The modern business is characterized by its extensive use of digital technology and its ever-increasing reliance on automation of repetitive processes and tasks. From paper to spreadsheets to smart applications, the business world has embraced digital transformation and is in a race to create clever, effective and disruptive ways of leveraging technology. The crux of this transformation is the adaption and use of automation to handle recurring tasks with minimum cost, greater efficiency, and improved compliance.
Two terms that stand out are ML short for Machine Learning and RPA for Robotic Process Automation. While they are independent in their concept and design, they are used in tandem for creating an Intelligent Automation Solution (IAS).
RPA or Robotic Process Automation is the technology that is used to emulate human interactions as series of steps that are part of any business process while ML or Machine Learning infuse the system with the ability to analyze and learn from data (structured and unstructured) without any human intervention and explicit programming.
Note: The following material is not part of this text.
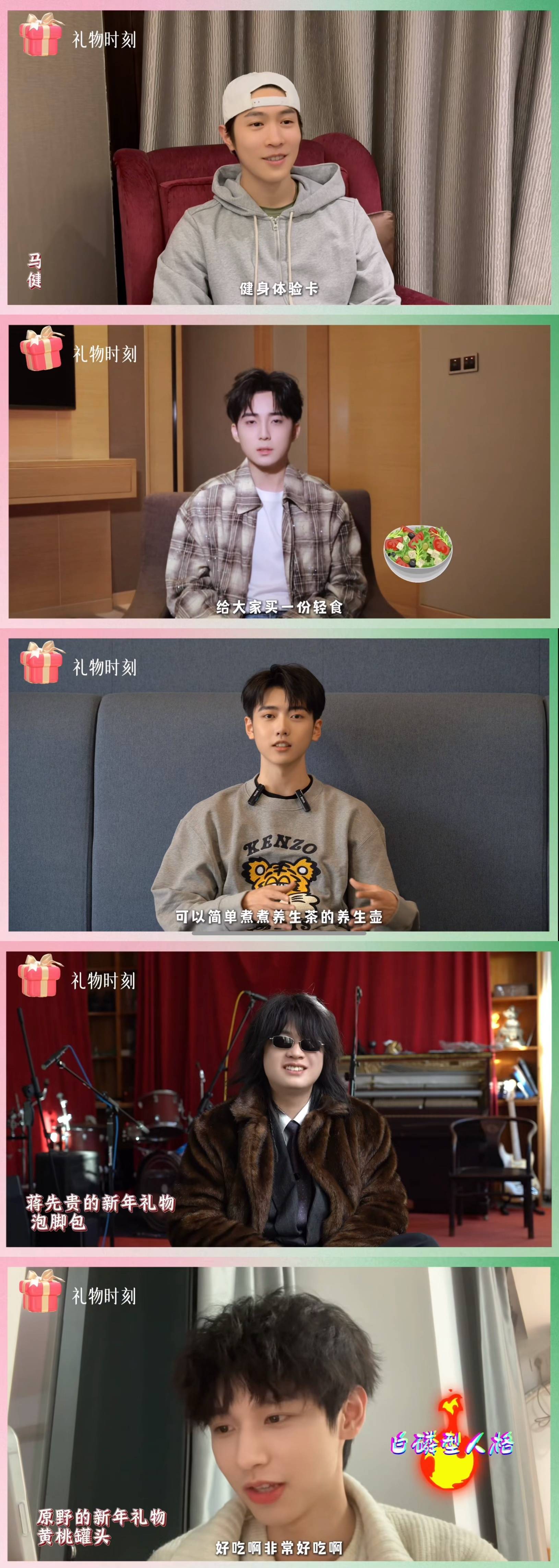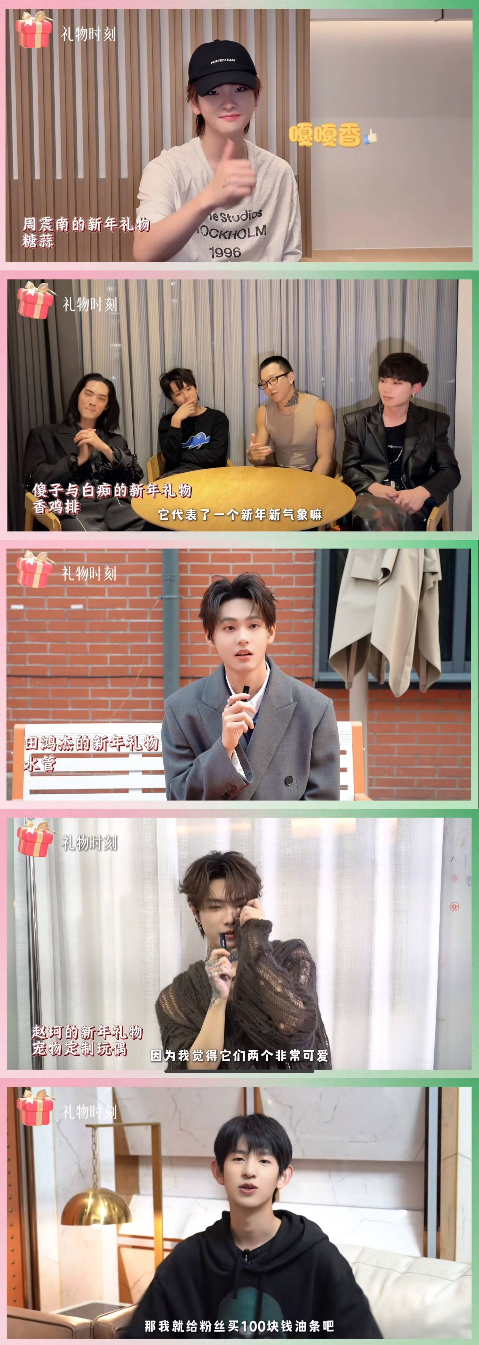 抽象派则是让粉丝在高兴之余感到一丝的疑惑与搞笑,比如周震南不仅选择糖蒜,还和工作人员展开了对糖蒜物价的探讨,并指定所有糖蒜送给一位幸运粉丝,强制养成爱糖蒜的习惯,这带味儿的强制爱也是令人羡慕了;傻子与白痴不假思索地选择香鸡排作为新年礼物,用酥脆好鸡排,祝福粉丝新的一年能够嘣呲嘎次;气运联盟田鸿杰为粉丝倾情选择水管奉上,遇水则发的好兆头就说谁不想拥有?气运联盟赵珂为大家挑选了一对麻球和马达的定制小玩偶,用一对小公猫好友祝福大家甜甜蜜蜜,哇人的抽象手拿把掐没错了;朱衍丞一本正经要送大家油条,理由是可以在海边喂海鸥,就是说现在码头的海鸥已经不整薯条了吗?奇怪的知识又增加了!

RPA enables businesses to automate workflow, back-office processes, and other highly manual activity by having the software bots interact with system applications, websites, user portal, etc. However, RPA is algorithm-driven and lacks the cognitive intelligence. ML does the thinking while RPA does the execution. ML solves this problem by synthesizing information from a large volume of data, understanding patterns and using ML models to derive useful insights. This intelligence is then given to the RPA which can now distinguish attributes and understand relation and logic to perform repetitive tasks better.
AI–backed ML can read, listen and analyze data using Information extraction, image recognition, and speech recognition. When an RPA bot is infused with this ‘intelligence’, it can process, analyze, compare and structure data in order to draw conclusions and make smart decisions based on it. This is not only useful for intelligent automation of highly manual tasks like invoice processing, form processing, interview review, medical prescription analysis, etc. but also the automation of higher-order tasks that previously relied on the perception and judgement of humans. For using a combo of Machine Learning and RPA effectively, a sound design strategy based on system architecture knowledge, insights into functional details, process, sub-system interfaces, interconnect logic, etc. is vital.
For example, in the automation of accounts payable, the RPA bot will first access the accountant’s inbox and identify emails related to invoices, then it sends the particular attachment to an intelligent ML application where the document is processed, and details are obtained. This extracted data is sent back to the RPA bot which then creates the supplier invoice in the system and allows for monitoring by the employee. This saves time and effort and makes the entire process free from human error. The integration of ML and RPA is a two-way improvement strategy. When robots are programmed to store and filter useful data, ML uses this data to train its forecasting models continuously and this then is fed back to the RPA bots for more accurate execution of its processes thereby creating an Automation Continuum for a robust Intelligence Automation System.